Для того, чтобы вернуть одежду, надо было сохранить чеки, и Даша положила чеки на краю стола, а Степан добрался до них и пытался использовать в качестве предобеденной закуски. Я увидела жующего внука и отобрала бумажки, но чек был изрядно попорчен, где-то примерно треть изжёвана. Дарья мужественно отнесла вещи в магазин вместе с остатками чека.
– Ты там на всякий случай скажи, – напутствовала я её, – что не тот мальчик, для которого куплена одежда, сжевал, а другой, маленький, а то подумают, у этих русских дети дебилы.
Удивительно, но одежду приняли по недоеденному чеку.
Мое письмо Соне.
Здравствуй, Сонечка!
Гуляла со Стёпкой по ближайшим холмам, и вдруг через дорогу пробежала белка. Большая белка с пушистым хвостом. Она вскарабкалась на невысокое дерево на склоне рядом с дорогой, уселась на ветку и стала сердито цокать на нас, как будто ругала нас со Стёпкой на своём беличьем языке, а за что? Видимо, за то, что мы здесь ходим. Ходила, правда одна я, а Стёпка ехал в коляске и, когда всё это происходило, спал и ответить белке не мог, а я молчала и только смотрела на нее. Я не уходила, и белка совсем разозлилась: начала вращать хвостом вокруг попы, как пропеллером, и разоралась буквально на всю улицу. Я наклонилась и сделала вид, что хочу бросить в неё камень, но белка не только не испугалась, а стала ещё быстрее вертеть хвостом и громче цокать. Так и пришлось уйти с территории, захваченной этой смелой белкой.
И Лёше:
Алёшка, у нас стоит тёплая погода, сегодня было жарко, разделись до футболок.

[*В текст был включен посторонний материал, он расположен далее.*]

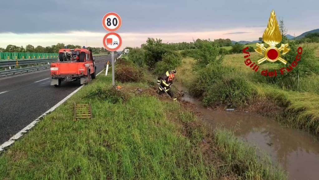 I Vigili del Fuoco di Abbasanta sono intervenuti per la messa in sicurezza della sede stradale, al Km 22 della SS 131 DCN, dove hanno operato per sistemare ,un canale di scolo ostruito che ha riversato sulla statale fango e massi.
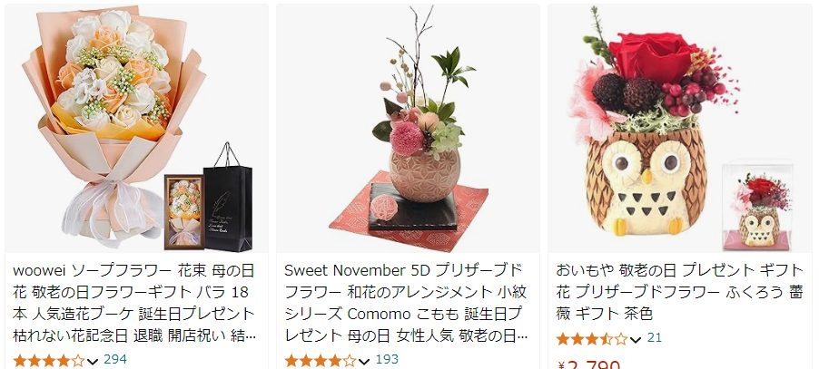 見た目が華やかな「フラワー系」は、お花好きなおじいちゃん、おばあちゃんにぴったりです。
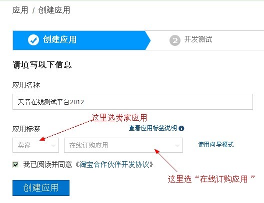 点击该创建应用,点击后会出现下面的表单,自行填写一个“应用名称”,按下图选择“应用标签”:
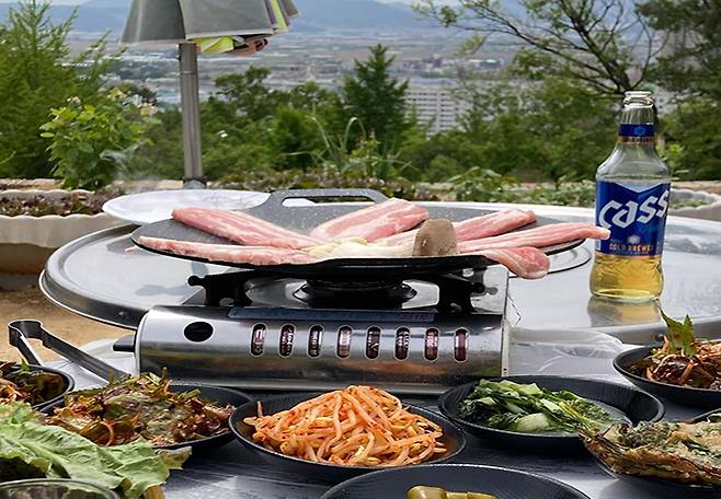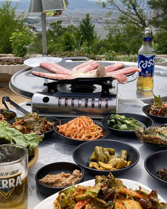 한적한 산속에서 즐기는 찐 레트로 감성 김해 '옥돌쉼터'. 넓은 야외에서 산을 바라보며 몸보신 음식을 즐길 수 있는 힐링 가득한 공간이다. 메뉴는 삼겹살과 백숙, 오리고기까지 다양한 메뉴가 준비되어 있어 취향에 맞게 골라 먹을 수 있다. 인기 메뉴는 푸른 산을 바라보며 구워 먹는 삼겹살. 푸짐한 밑반찬과 구워 먹기 좋은 김치, 마무리로 볶음밥까지 먹으면 낭만 가득한 힐링공간에서의 완벽한 한 끼 식사로 손색이 없다.
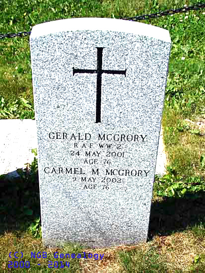 | Gerald McGrory Royal Air Force WW II 24 May 2002 Age 76 |
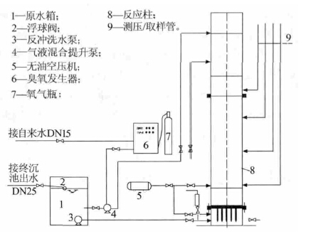 中試裝置進(jìn)水分別取自污水處理廠曝氣生物濾池和二次沉淀池出水,進(jìn)水流量為0.5 m3/h,水溫 25~30 ℃。進(jìn)水經(jīng)原水箱調(diào)蓄后由泵提升至BAC 柱(上部進(jìn)水、下部出水方式),反應(yīng)柱內(nèi)濾料采用顆;钚蕴,有效反應(yīng)時(shí)間2 h。利用氣液混合泵向進(jìn)水投加O3,投加點(diǎn)位于提升泵前,O3 投加量為15~35 mg/L,取BAC 反應(yīng)柱出水進(jìn)行測定,每日上午8∶30、下午2∶00 取水樣2 批,每批取3~4 次混合水樣。
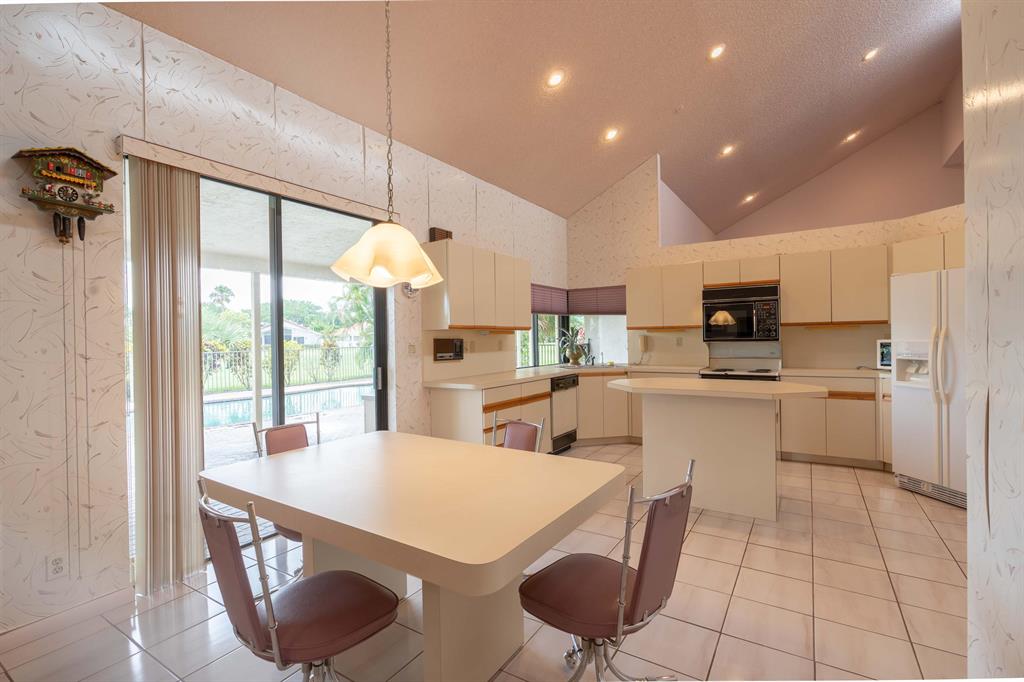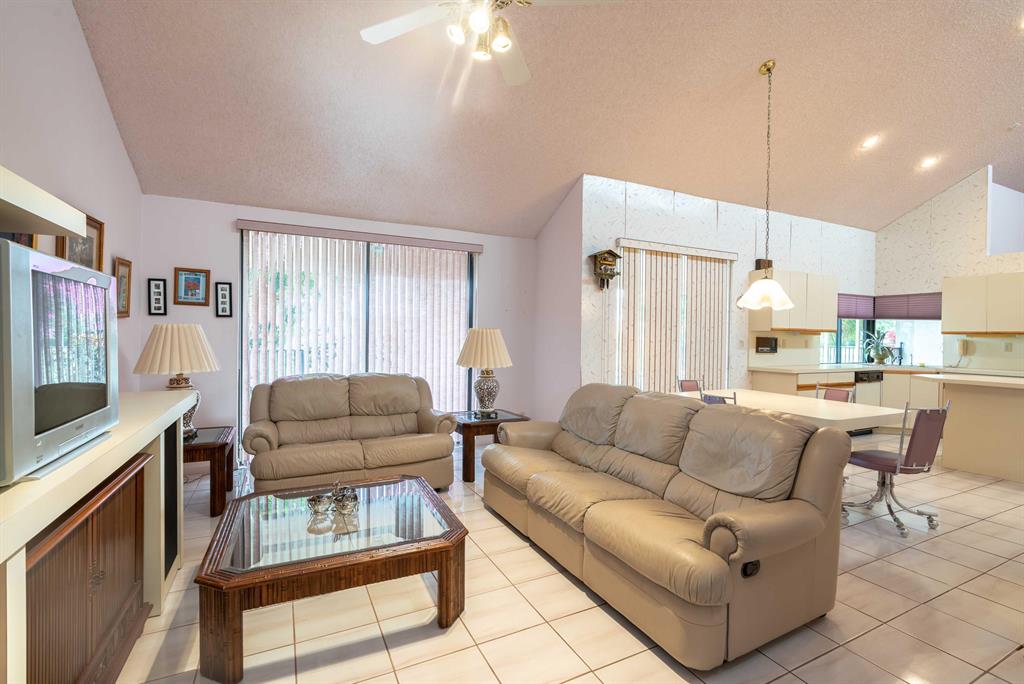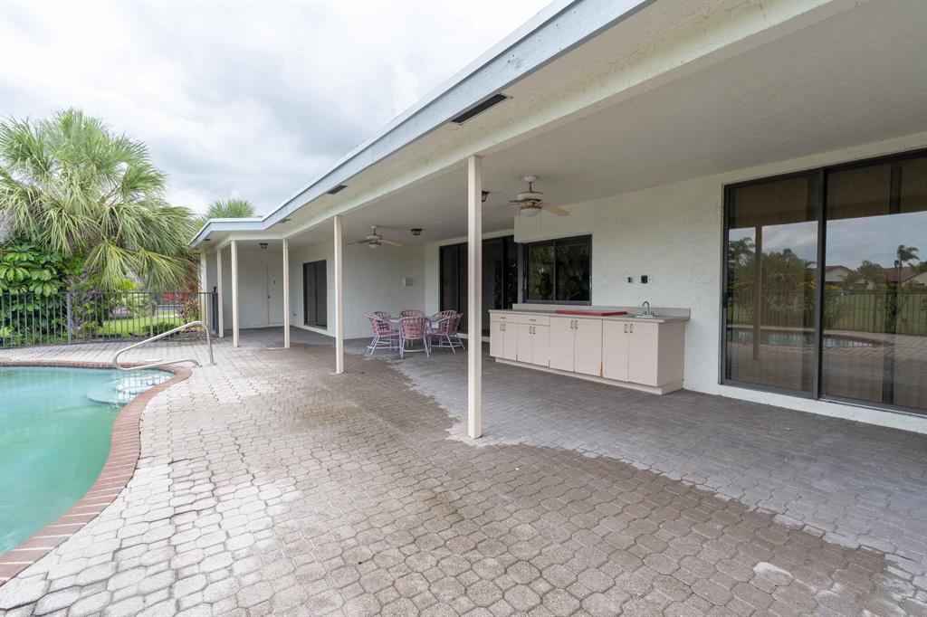 This custom home sits on the 11th hole of the Lakes Golf Course at Boca Woods with a spectacular southern view. It features the desirable split bedroom design with the second and third bedrooms on the east side with a double sink bath and the luxurious master suite on the west. A large walk in closet complements the master bedroom with both a walk in shower and large bath tub.The large patio has a free form pool and an extended roof with an outdoor entertaining area plus a cabana bath with shower. Boca Woods is known for its exceptional club atmosphere with 645 homes. It features two fabulous golf courses, tennis and pickle ball courts and a lively community of neighbors. The club has frequent dinner dances with a wedding like experience and a large dancing floor.

Стёпка плохо засыпает, и я вожу его в коляске по здешним холмам, пока он не уснёт. В горку еле-еле затаскиваю коляску, а вниз ничего, сама катится. Побе́гаю, побе́гаю так, часок другой, Степан заснёт, поспит полчаса, и снова ушки на макушке.

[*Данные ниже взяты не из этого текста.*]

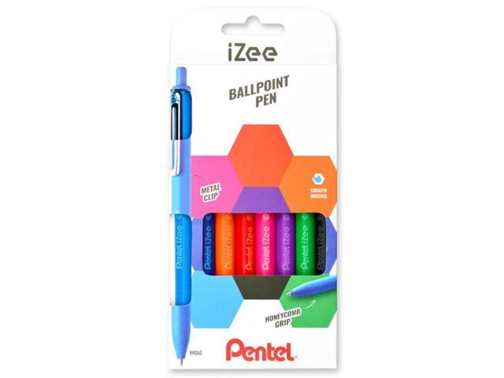 Kulpenna PENTEL iZee sorterade färger med 8 stycken per förpackning. En modern penna, färgrik och lätt att skriva med. Bläcket har låg viskositet vilket ger en extra mjuk skrivkänsla. Pennkroppen är matt och greppvänlig. - Klickmekanism - Spetsbredd: 1 mm - Bläckfärg: Flera - Färg pennkropp: Flera -
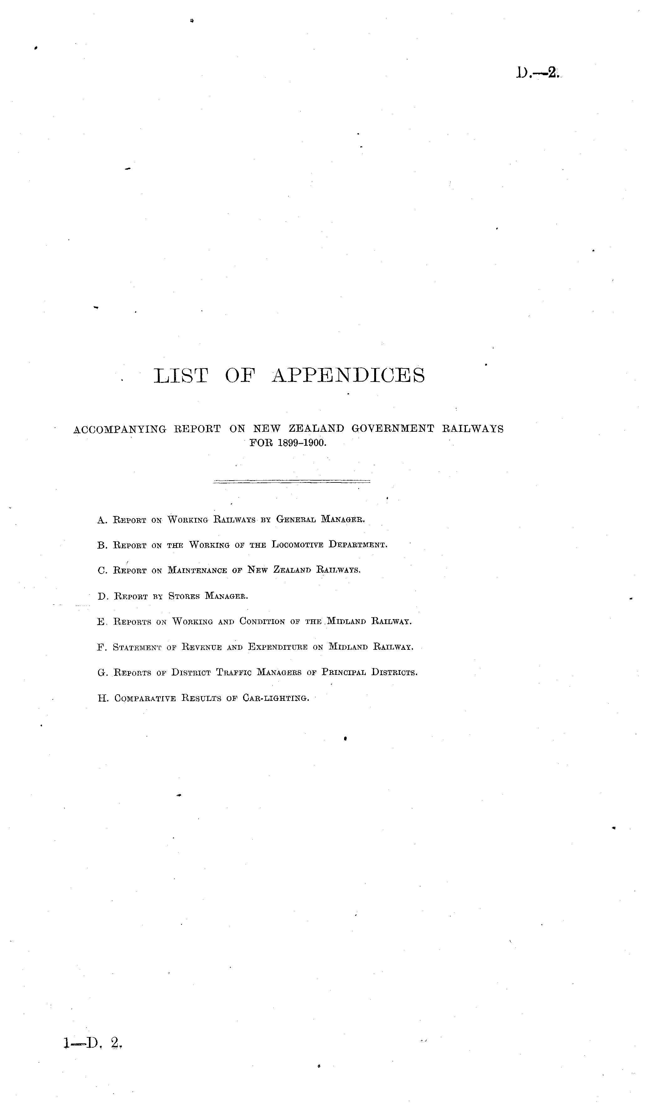 LIST OF APPENDICES ACCOMPANYING REPORT ON NEW ZEALAND GOVERNMENT RAILWAYS FOR 1899-1900.
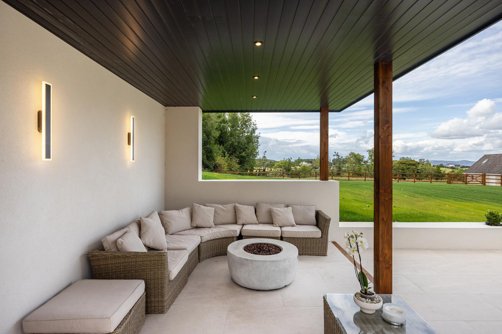 Automated timber entrance gates, extensive tarmac driveway and car parking areas (front and rear), garden in lawn with beech hedging, feature lighting, extensive paved patio area to rear, covered barbeque/entertainment area, feature lighting and power supply.
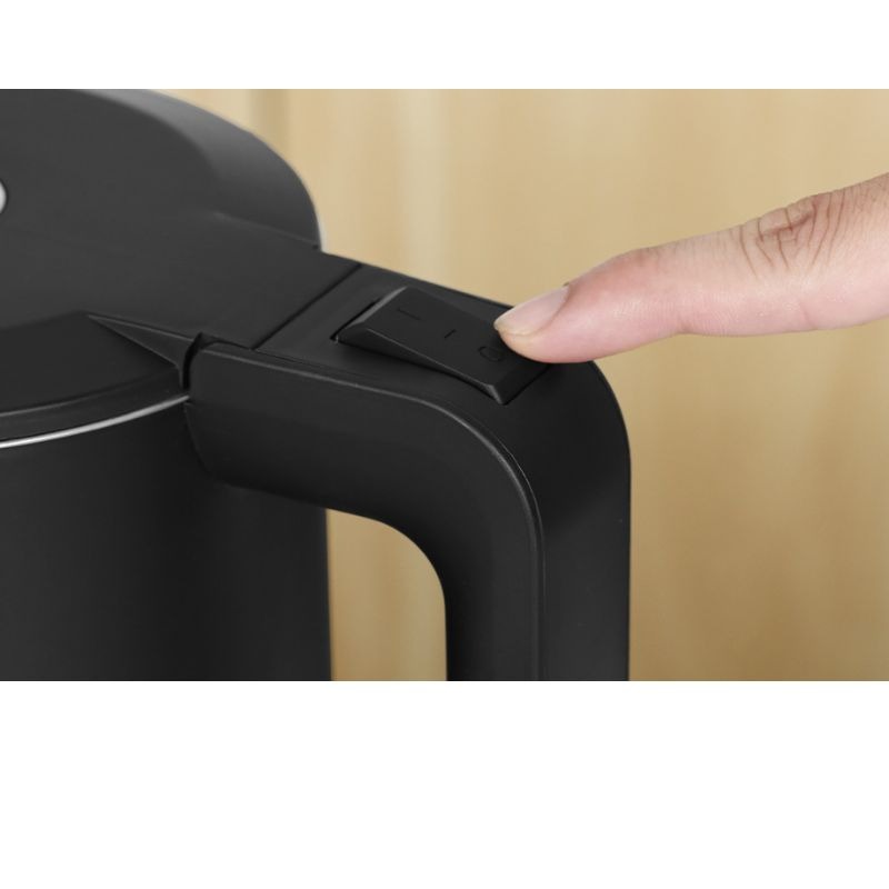 - Đun nước dễ dàng chỉ với 1 nút nhấn trên tay cầm, ngay cả người lớn tuổi cũng có thể sử dụng được. Có đèn LED báo hiệu trạng thái hoạt động của bình được đặt cách điệu ngay trên phần tay cầm.

Ходит он очень смешно, так и бросает его из стороны в сторону. Стёпка рыженький, очень хорошенький, его часто принимают за девочку. Очень любит кошек, как увидит кошку на улице, так и бежит к ней. Жуткий болтун, всё время что-то лопочет, производит массу самых разнообразных звуков.
Вчера к нам приехали Алик с Валей (мой однокурсник с женой) и псом Тимкой, большущим черным, тоже из породы сеттеров. Тимка пугался Стёпки, который проявлял к нему значительно бо́льший интерес, чем к подаренной плюшевой собачке. Ребёнок подкрадывался к собаке, тянул ручки, Тимка начинал перемещаться в сторону от ребёнка и тихо рычать. Стёпка пугался, начинал кричать, но не отходил. Мы погуляли по Корнелю, Валя сфотографировала нас с Аликом для истории, и часиков в восемь вечера они уехали, оглушённые, как сказал Серёжка, нашей болтливой семейкой и очарованные мужеством маленького Стёпки, который ковылял на коротеньких ножках качающейся походкой хорошо выпившего человека. И совершенно фантастично проходил десятки метров.
Мы раза три заходили в китайский ресторанчик.
Стёпочкин обычно засыпал в машине, пока мы ехали.
Мы с Дарьей выгружали его тихонько, чтобы не потревожить сон, укладывали в коляску, везли в ресторан.
Мы успевали перекусить, пока он проснётся, потом заглатывать пищу приходилось по очереди.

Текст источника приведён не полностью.